Reproduce the lines of the material exactly, excluding every image.

SOURCE MATERIAL START

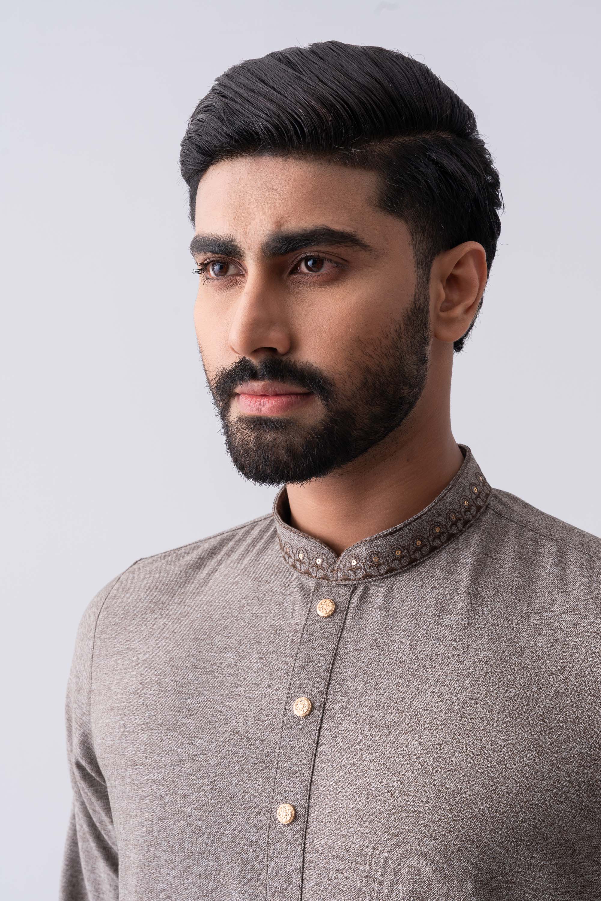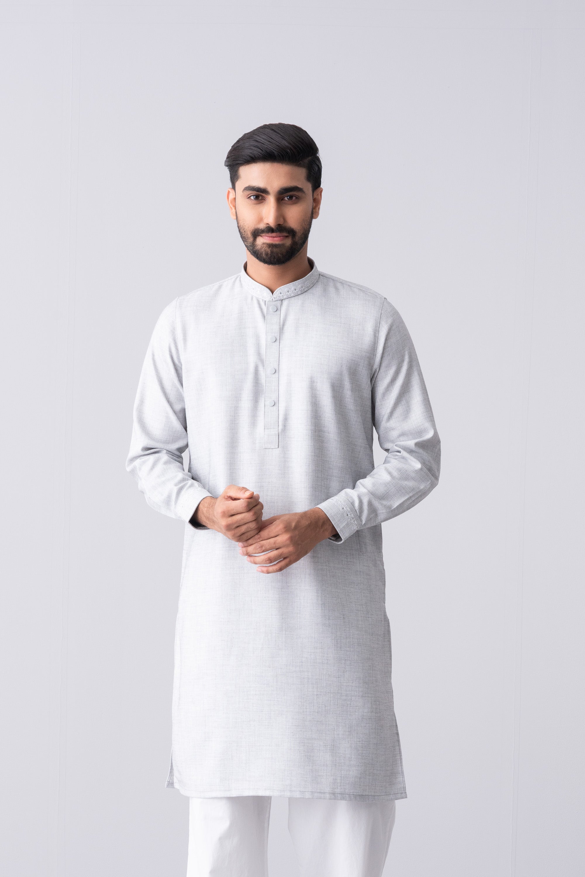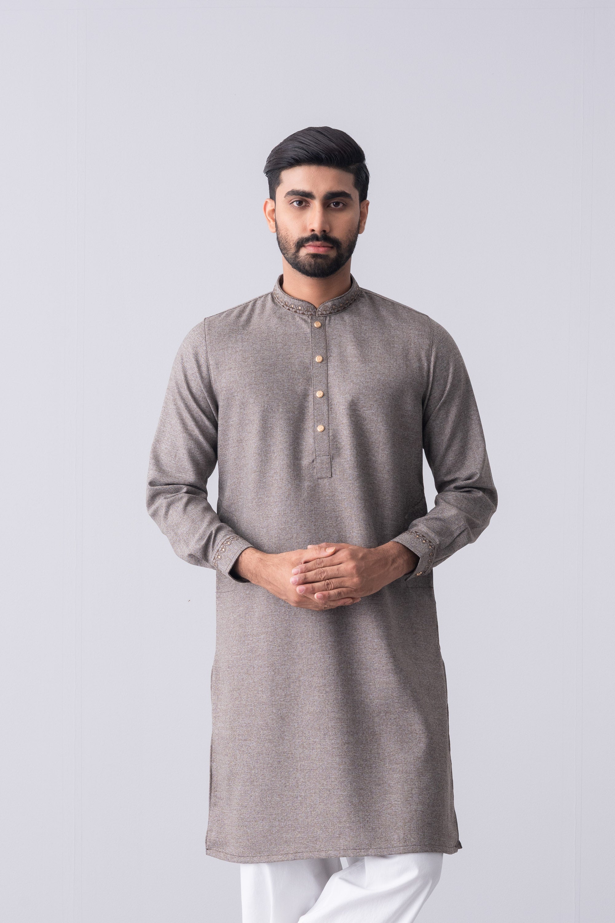 A regular-fit Panjabi crafted from premium TR fabric with 94% tencel 5% rayon and 1% spandex breathable fabric, featuring elegant band and cuff embroidery with premium snap buttons, offers a stylish yet comfortable formal look. Perfect for effortless elegance and all-day ease.
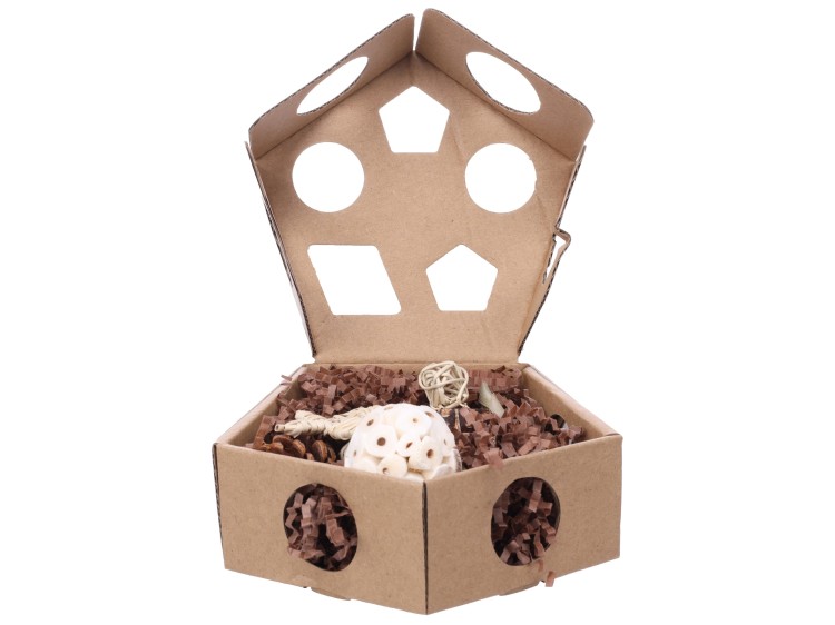 - Interaktiv udfordring: Boksen er udstyret med åbninger, der gør det muligt for dyret at kigge ind eller bevæge sig gennem boksen, hvilket giver både fysisk og mental træning
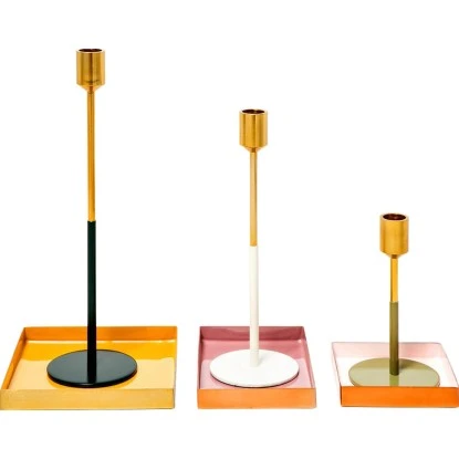 Saga ist ein wundervoller Kerzenständer für Stabkerzen. Er besteht aus drei stilvollen Kerzenständern, die in gruppierter Platzierung ein wunderschönes Gesamtbild ergeben. Die drei unterschiedlichen Höhen lassen sich hervorragend miteinander kombinieren und beliebig aufstellen. Die goldene, glänzende Oberfläche und die farbigen Standfüße verleihen Ihren Wohnräumen einen luxuriösen und gleichzeitig modernen Touch. Das dekorative Design lässt sich besonders durch schlichte Stabkerzen in dezenten Farben gut abrunden.

SOURCE MATERIAL END

▶ [ANSWER SECTION]
 A regular-fit Panjabi crafted from premium TR fabric with 94% tencel 5% rayon and 1% spandex breathable fabric, featuring elegant band and cuff embroidery with premium snap buttons, offers a stylish yet comfortable formal look. Perfect for effortless elegance and all-day ease.
 - Interaktiv udfordring: Boksen er udstyret med åbninger, der gør det muligt for dyret at kigge ind eller bevæge sig gennem boksen, hvilket giver både fysisk og mental træning
 Saga ist ein wundervoller Kerzenständer für Stabkerzen. Er besteht aus drei stilvollen Kerzenständern, die in gruppierter Platzierung ein wunderschönes Gesamtbild ergeben. Die drei unterschiedlichen Höhen lassen sich hervorragend miteinander kombinieren und beliebig aufstellen. Die goldene, glänzende Oberfläche und die farbigen Standfüße verleihen Ihren Wohnräumen einen luxuriösen und gleichzeitig modernen Touch. Das dekorative Design lässt sich besonders durch schlichte Stabkerzen in dezenten Farben gut abrunden.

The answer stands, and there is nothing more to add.